День второй - Илья Эренбург
Шрифт:
Интервал:
Закладка:
Когда на следующее утро к нему пришел Морозов, он встретил его ревом: «Хорош! Эх ты, Батрак Батракович! Здесь тебе нечего делать. Здесь люди завод строят. А ты спец по другой масти. Тебе бы на Сухаревку — там для таких раздолье. Ну, чего ты рот разинул? Никто тебя здесь не держит. Можешь хоть сейчас убираться ко всем чертям».
Морозов стоял, не двигаясь. Шор громко высморкался и спросил: «Деньги на дорогу есть?» Морозов не ответил. Тогда Шор подошел к нему вплотную и снял очки. Его глаза стали сразу бессильными и добрыми. Он сказал: «Ну, чего тебе еще надо?» Тогда Васька, ободренный и голосом Шора, и его глазами, начал говорить. Он говорил долго и несвязно. Он клялся, что это не он подпустил лебедку. Он объяснял, что ему некуда ехать: он хочет работать на стройке.

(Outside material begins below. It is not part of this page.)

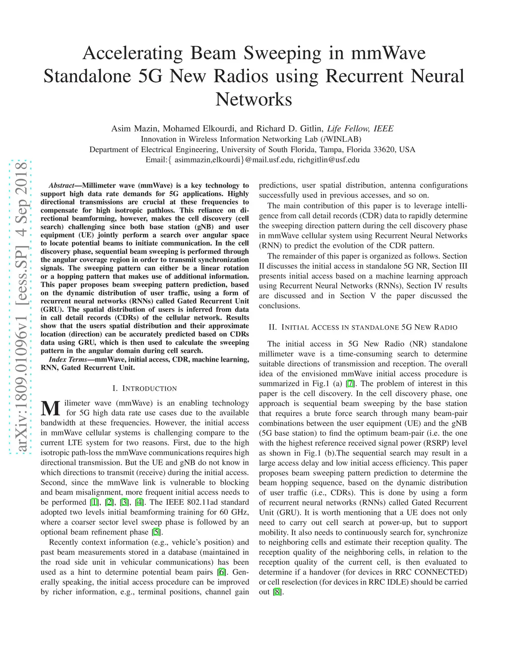 Millimeter wave (mmWave) is a key technology to support high data rate demands for 5G applications. Highly directional transmissions are crucial at these frequencies to compensate for high isotropic pathloss. This reliance on di- rectional beamforming, however, makes the cell discovery (cell search) challenging since both base station (gNB) and user equipment (UE) jointly perform a search over angular space to locate potential beams to initiate communication. In the cell discovery phase, sequential beam sweeping is performed through the angular coverage region in order to transmit synchronization signals. The sweeping pattern can either be a linear rotation or a hopping pattern that makes use of additional information. This paper proposes beam sweeping pattern prediction, based on the dynamic distribution of user traffic, using a form of recurrent neural networks (RNNs) called Gated Recurrent Unit (GRU). The spatial distribution of users is inferred from data in call detail records (CDRs) of the cellular network. Results show that the users spatial distribution and their approximate location (direction) can be accurately predicted based on CDRs data using GRU, which is then used to calculate the sweeping pattern in the angular domain during cell search.

Он не вредитель, он честный комсомолец. Шор молчал. Васька тоже замолк, а потом, глупо выпятив нижнюю губу, сказал: «Я без партии — как без дома».

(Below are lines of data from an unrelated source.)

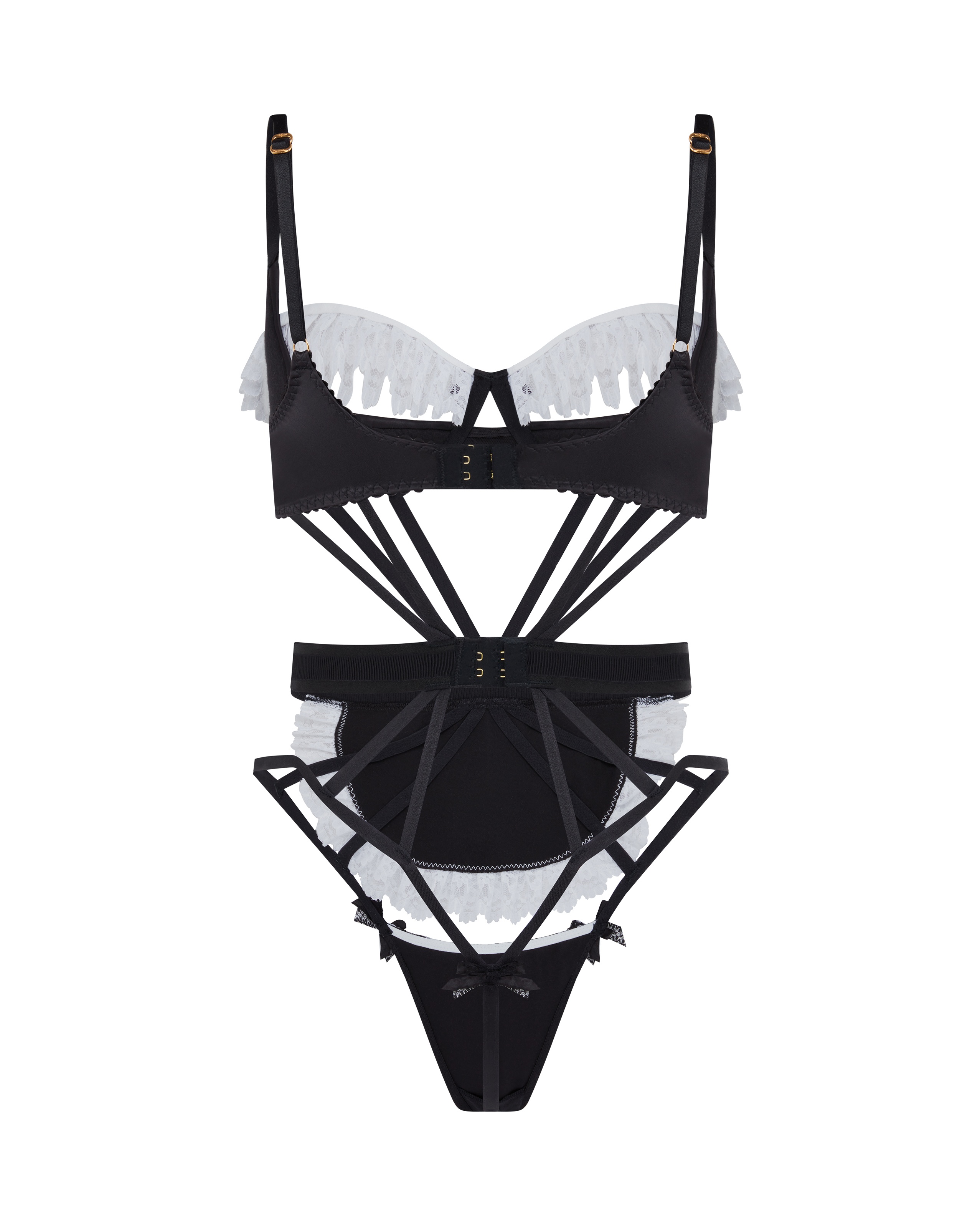 Боди Bonnie черно-белого цвета на бретелях со встроенными атласными чашками на косточках для поддержки и объема. Кружевная оборка на чашках может быть поднята или опущена. Прикрепленный атласный фартук с кружевной оборкой. Широкая поясная лента подчеркивает талию. Позолоченные регуляторы на бретелях. Дополните образ подвязками, ободком и манжетами Bonnie.
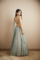 Featuring a Powder Blue with Gold Bootie work lehenga set.
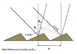 Soit n1 l'indice du milieu de propagation de l'onde incidente (de longueur d'onde λ). Soit θi l'angle d'incidence et θm l'angle de réflexion pour lequel on a une interférence constructive. Soit d le pas du réseau et m un nombre entier. Comme on peut le déduire en regardant le schéma du réseau réflectif, il y a des interférences constructives si
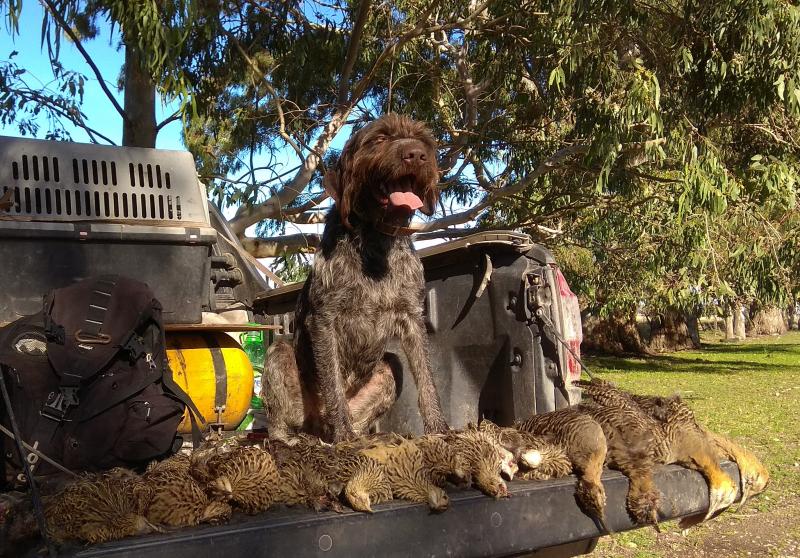 Posteriormente tuve un macho, el cual por problemas de parvo y un atropello del tren, psicologicamente no andaba muy bien, pero cazando era una maquina.
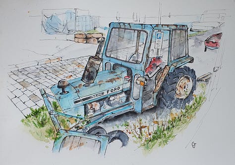 The Stone wall and the Sad tractor are part of a little experiment I’m trying on my chat whereby you can use my photos as prompts to sketch, or create in any other way, in case you are having one of those artists ‘block’ moments. It is always nice to hear from you and I welcome all contributions to the discussion. Come and join in and say hello.

Шор не вытерпел, он даже отбежал в угол. Слова Васьки его потрясли. Он понял, что этот парнишка говорит о партии так, как о ней думает сам Шор, что и для него партия не государство, не тактика, не строительство, но нечто бесконечно близкое, что разлука с ней — это разлука с жизнью. Чтобы скрыть свое волнение, Шор еще раз высморкался и проворчал: «Мальчишка!» Потом он позвонил Маркутову: «Морозова я возьму к себе, на галерею». Он прикрикнул: «Только у меня, брат, смотри! Я этих штук не люблю».— Потом он крепко сжал руку Васьки и, рассердившись на себя, вслух заметил: «Рукопожатья, что называется, отменены».
Когда Морозов рассказал Кольке о своей беседе с Шором, Колька просиял. Он радовался не только потому, что он спас товарища, он радовался и потому, что жизнь снова ему казалась ясной и глубокой. Он увидал, что, помимо книг и слов, существуют еще глаза и что глаза способны разговаривать. Его силы удвоились. Он как бы получил право на чувствования. Он сказал Ваське: «Я видал в управлении плакат: Кузнецк три года тому назад и Кузнецк теперь. Красота! Сначала — голое поле. Потом все эти кауперы, батареи, мартены. Вот если бы нарисовать такой плакат: Колька Ржанов три года тому назад и теперь. Я ведь тогда ничего не понимал. А думал, что все знаю. Мне жизнь казалась скучной-скучной. Я теперь на жизнь другими глазами гляжу. Хорошо быть настоящим человеком. Как старик. Он действительно все знает: и насчет галереи, и как туннель рыть. Я у него на столе такие чертежи видел, что кажется, всю жизнь учись, и то не разберешься. А ко всему еще, он человек. Я, Васька, думаю, что при коммунизме все такими будут». Он улыбнулся и уже шутя добавил: «Разве что помоложе и без очков».
8
Была северная весна, как всегда громкая и неожиданная. Шумели ливни и от яркого солнца люди хмурились. Тайга наполнилась новым шумом. Тетерева бормотали. Глухари охали. Еще в оврагах было много снега, но снег хирел, и над ним смеялись даже трясогузки.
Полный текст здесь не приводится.